Hermeto: um músico praticamente ilimitado enquanto instrumentista (ele é um virtuose e um experimentador radical que tira som de qualquer coisa) e que ao longo de sua carreira conseguiu o grande feito de dialetizar complexidade (compassos quebrados, quiálteras, tempestades de fusas/semi-fusas, politonalidade, etc) e simplicidade (melodiosidade singela, carregada de emoção). Enquanto pensador, entretanto, Hermeto é embaraçosamente deficiente (tal como se pode facilmente constatar lendo ou assistindo as entrevistas que ele concedeu/concede para a imprensa). Pra piorar: ele cultiva um misticismo que, associado à fetichização da técnica, pode ter desdobramentos perigosíssimos (vale lembrar que esse binômio explosivo foi a espinha dorsal da estética nazi-fascista). Esse é o grande paradoxo hermetiano: ele é experimentador com os sons, mas totalmente reacionário no campo da análise estética e da crítica cultural.

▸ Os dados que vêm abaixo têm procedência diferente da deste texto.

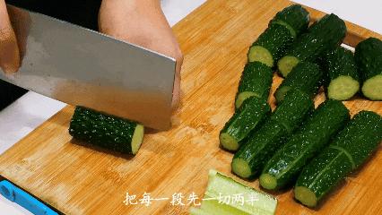 第一步:先把黃瓜清洗乾淨,去掉頭尾口感不好的部分,然後切成長段,再從中間劈切成長條,切好後放到盆裏,加入2勺鹽和2勺白糖,攪拌均勻後醃製上2個小時,剎剎黃瓜裏面的水分,這是黃瓜脆爽好喫的關鍵。

Tom Zé não está sozinho na categoria “músicos criativos e não-virtuoses”. David Byrne, David Bowie, Sting, Caetano Veloso (entre tantos outros, salvas as devidas proporções e especificidades) também se enquadram perfeitamente nela: não optaram por um apurado domínio instrumental, mas sim pela via do domínio composicional, cada qual tendo construído para si uma identidade sonora marcante enquanto cancionistas.
Hermeto, por sua vez, também não está sozinho na categoria “músicos criativos e virtuoses”: Stevie Wonder, Prince e Erdal Kizilkay (e vou me deter só nesses 3, embora essa lista também seja longa) também figuram nela. Aliás, não posso deixar de enfatizar meu espanto e admiração por Stevie Wonder que, apesar da cego, toca piano, guitarra, baixo (e até mesmo bateria) com enorme fluência.

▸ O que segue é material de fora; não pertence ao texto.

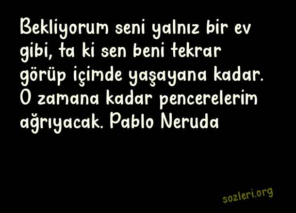 Bekliyorum seni yalnız bir ev gibi, ta ki sen beni tekrar görüp içimde yaşayana kadar. O zamana kadar pencerelerim ağrıyacak. Pablo Neruda ( Pencere )

Curiosamente (e isso até merece um ensaio mais aprofundado depois), os músicos não-virtuoses são, na sua maioria, ateus ou então pelo menos agnósticos, ao passo que os virtuoses, via de regra, estão imersos no discurso místico-religioso de que se servem para explicar a “beatitude” de suas competências musicais “sobrenaturais”.
Virtuosismo (ou fetichização da técnica): um nazi-fascismo musical ?

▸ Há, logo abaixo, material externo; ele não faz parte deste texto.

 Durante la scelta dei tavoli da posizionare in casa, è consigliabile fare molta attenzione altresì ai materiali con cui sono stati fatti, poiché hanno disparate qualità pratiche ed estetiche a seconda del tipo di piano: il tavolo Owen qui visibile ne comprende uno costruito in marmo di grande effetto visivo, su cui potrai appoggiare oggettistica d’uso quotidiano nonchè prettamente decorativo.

Contra o quê se rebelaram os Punks? Contra o elitismo segregacionista que tomou conta do cenário musical em meados dos anos 70, por força do culto ao Rock Progressivo. Reparem cuidadosamente nesta claríssima distinção que estou fazendo: de um lado o Rock Progressivo, do outro o CULTO AO Rock Progressivo. Porque eu jamais cometeria a loucura de responsabilizar as bandas progressivas por qualquer tipo de campanha cultural fascistóide, uma vez que vários de seus integrantes travaram um diálogo muito fecundo e produtivo com músicos de tendência punk/new wave. O segregacionismo, portanto, foi praticado por um grande contingente de fãs de progressivo e por boa parte da crítica especializada, que cultuavam a complexidade em detrimento da simplicidade, ignorando a possibilidade salutar de dialetizá-las.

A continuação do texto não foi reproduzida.